Day was now beginning to break. The moon continued to shine as lustrously as ever; indeed, being now nearly at the zenith, her light seemed even more effulgent than when Kate left the hut; but there was a cold, gray hue over the eastern sky which heralded the morning. Gradually the white light of day stole over the orient heavens, when that of the moon assumed a partially sickly cast. The birds too now began to twitter in the underbrush and smaller growth around.

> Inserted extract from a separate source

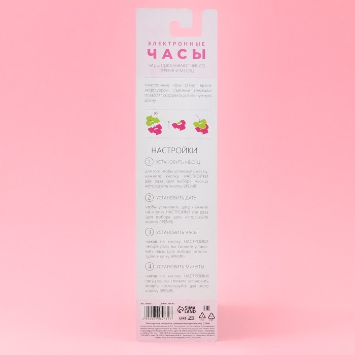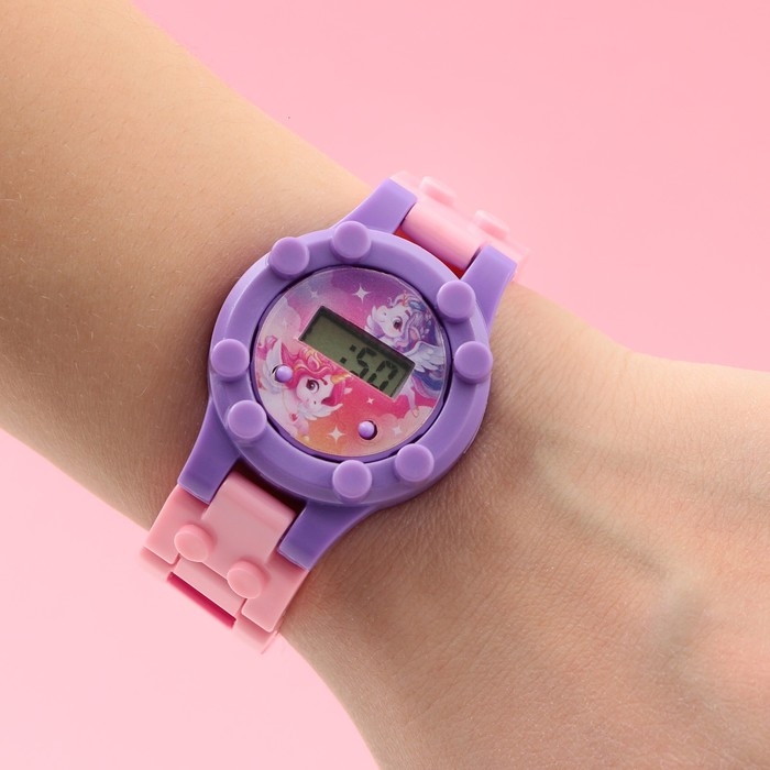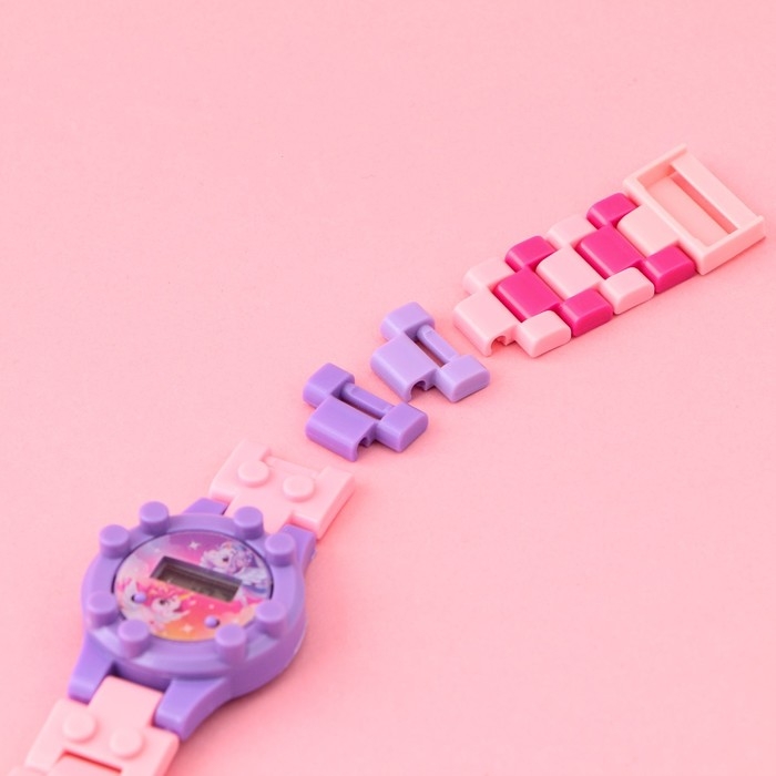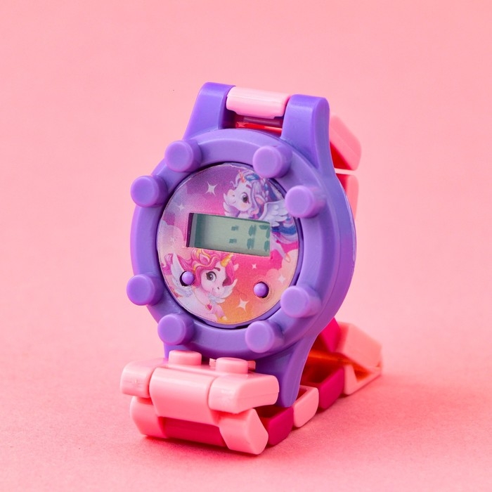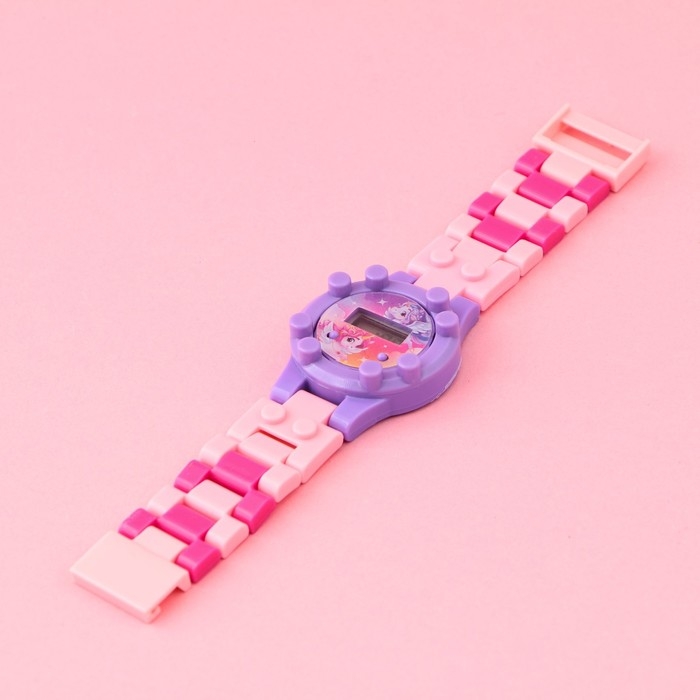 Электронные часы с ремешком-конструктором станут ярким аксессуаром вашего ребенка, съемные ремешки позволят скорретировать нужную длину (инструкция по сборке расположена на обороте упаковки). Часы показывают число, время и месяц.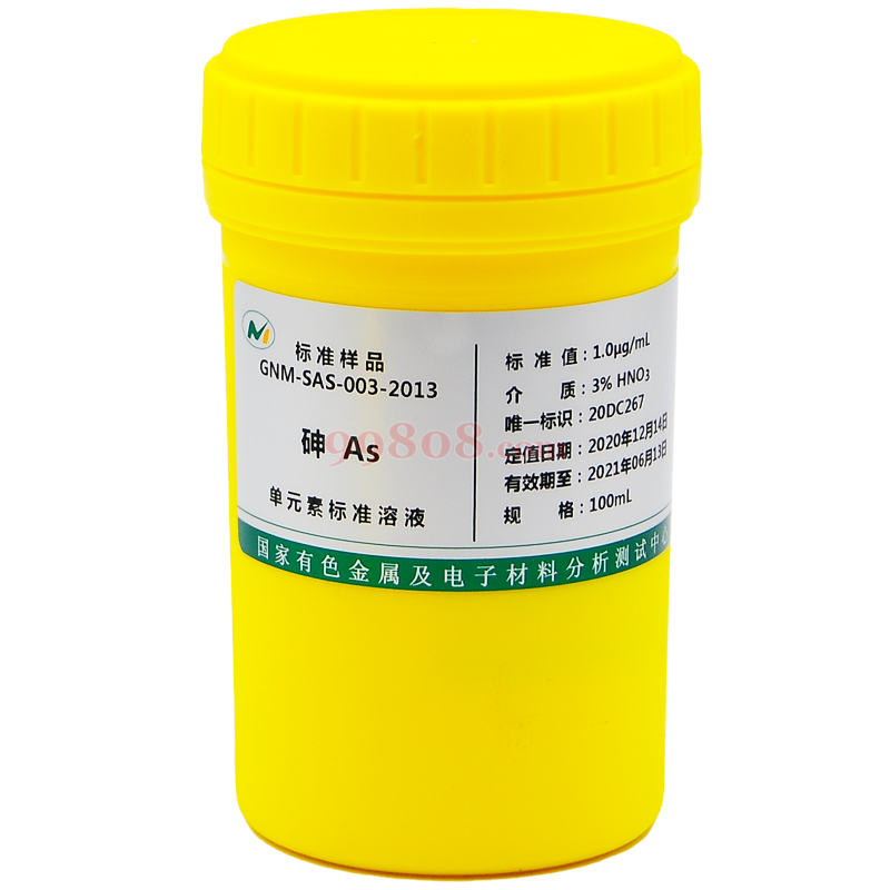 有色金属研究总院 | 标液-As砷 | 1ppm 100mL 3 HNO3 六个月

At this point Kate reached an opening in the woods, where the trees had been cut off a year or two ago. On the eastern side of this was a tract of pine land, where a fire had passed, leaving the tall firs standing stripped of their foliage, like a forest of black, charred masts against the heavens. Through this, in the distance, was seen a reddened sky, a proof that the sun, though still below the horizon, was close upon it. The route of Kate lying in the direction of this burnt district, it was not long before she saw the upper edge of his disc emerge, shooting long lines of light towards her, that came glancing between the black trunks of the pines, or bathed the greener space more directly in front with showers of golden radiance. The whole forest around was now alive with twittering birds. Meantime the moon, as if suddenly struck pale by an enchanter's hand, seemed all at once to have lost its late glorious effulgence, and was now seen, a faint, waning orb, apparently powerless in the zenith. To the right and left, however, in the recesses of the woods, where the sunshine had not yet penetrated, the moonlight still lay, cold and beautiful, though even there less lustrous than it had been.